FEMA ordered to pay Katrina benefits

Nicole Gaouette and Ann Simmons Los Angeles Times

WASHINGTON – Condemning the bureaucracy at the Federal Emergency Management Agency as “Kafkaesque,” a federal judge Wednesday ordered the government to immediately resume housing payments to Gulf Coast residents who lost their homes to Hurricane Katrina.

Barely six months after Katrina ravaged the region, FEMA ended benefit payments to several thousand families still in temporary housing and unable to return to their homes.

U.S. District Judge Richard J. Leon said the agency had violated the evacuees’ rights by not adequately explaining why it was ending the benefits, making it difficult for storm victims to appeal the decisions.
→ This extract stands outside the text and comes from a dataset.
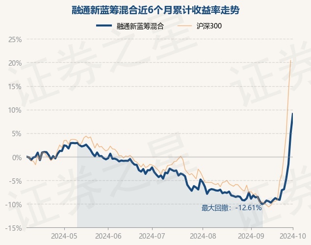 证券之星消息,10月8日,融通新蓝筹混合最新单位净值为0.8525元,累计净值为3.1675元,较前一交易日上涨3.93%。历史数据显示该基金近1个月上涨20.48%,近3个月上涨14.4%,近6个月上涨9.07%,近1年上涨1.42%。该基金近6个月的累计收益率走势如下图:

“It is unfortunate, if not incredible, that FEMA and its counsel could not devise a sufficient notice system to spare these beleaguered evacuees the added burden of federal litigation to vindicate their constitutional rights,” he wrote.

Leon ordered the agency to explain its actions, restore short-term benefits to evacuees who had been cut off and give them the two months of housing payments they would have received after payments finally stopped in August 2006. The ruling affects 11,000 families, mostly in Louisiana and Texas.
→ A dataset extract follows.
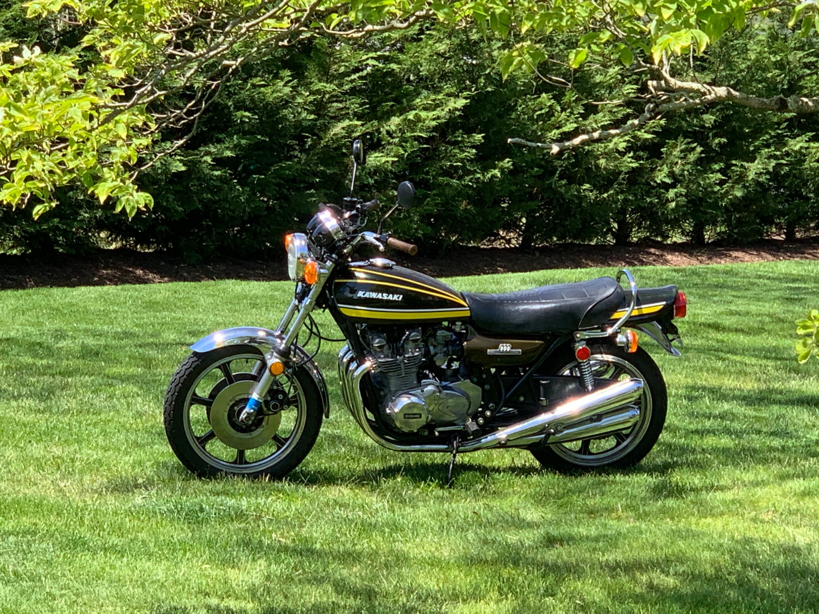 10 Jul 2020 17:01Before and after, just cleaned and assembled from various across the product line in those years, and a lot of info gathered from threads posted here, thanks, front end from different 750's, wanted dual brakes, rebuilt calipers and mc, replaced wiring harness, old was toast, pair of old Z1 bars , old were bent, and a pair of old Z1 mirrors, for now, had them, headlight is a Stanley 1970 model for h4 lamp h4 led works well, moved blinkers off bars, switched headlight and running lights, (used a repo Z1 unit easy to do), tank is from a 750, (needed a really short 44mm petcock), paint is spray cans, found a seat on ebay, rear wheel is from a 550, (thanks martin csr), carbs from a 78 rebuilt and working well, all epa stuff gone, new brakes and pads, chain and sprockets, new tires as the ones that came with the wheels were really old, Dunlop d404s, were reasonable, Delkevic pipe was most reasonable for that , just having some fun with this, and after looking at the other projects going on this is nothing, time for a can of patience( comes in 6 or 12 packs) it hot out, thanks

The judge cited letters from FEMA that gave contradictory explanations for decisions. He also described FEMA’s practice of conveying its decisions “cryptically … by a code or phrase” decipherable only after evacuees obtained a separate pamphlet explaining the codes.
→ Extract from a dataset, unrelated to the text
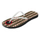A Monogramed Black, Cream And Red Rose Striped Womens Pair Of Flip Flop Shoes

FEMA’s critics in Congress used the opportunity presented by the ruling to call for changes.

“While this is a victory for the thousands who lost their homes during Hurricane Katrina, it is also a reminder that the system is still in desperate need of reform,” said Rep. Bennie Thompson, D-Miss., the incoming chairman of the House Homeland Security Committee, which oversees FEMA. “It is unacceptable to force overburdened victims to navigate through bureaucratic red tape to find out whether they will ever have a place to go home to.”

Under FEMA’s transitional housing program for victims of Hurricane Katrina and Hurricane Rita, evacuees were entitled to financial assistance either for 18 months or to a maximum of $26,200.

After Katrina hit on Aug. 29, 2005, FEMA began providing victims with short-term housing assistance. In February 2006, it attempted to transfer eligible evacuees to a longer-term assistance program, which required recipients to meet certain criteria, but denied thousands of their applications, according to Leon’s ruling. After a 30-day notice period, FEMA cut their short-term benefits as well.

Stephen Bradberry, organizer for the New Orleans chapter of the Association of Community Organizations for Reform Now, an advocacy group that filed the lawsuit, said the ruling “allows families more time to try and take care of their affairs. And it will buy more time to put pressure on the government to step up to the plate and handle its responsibilities.”

FEMA press secretary Aaron Walker said the agency’s “emergency sheltering initiative was conceived as a compassionate but short-term solution to shelter evacuees. By law, sheltering assistance can be provided for only a limited period of time.”

He added that FEMA had always intended to transfer eligible evacuees to the long-term benefits program.

“However,” he said, “some individuals and households do not qualify.”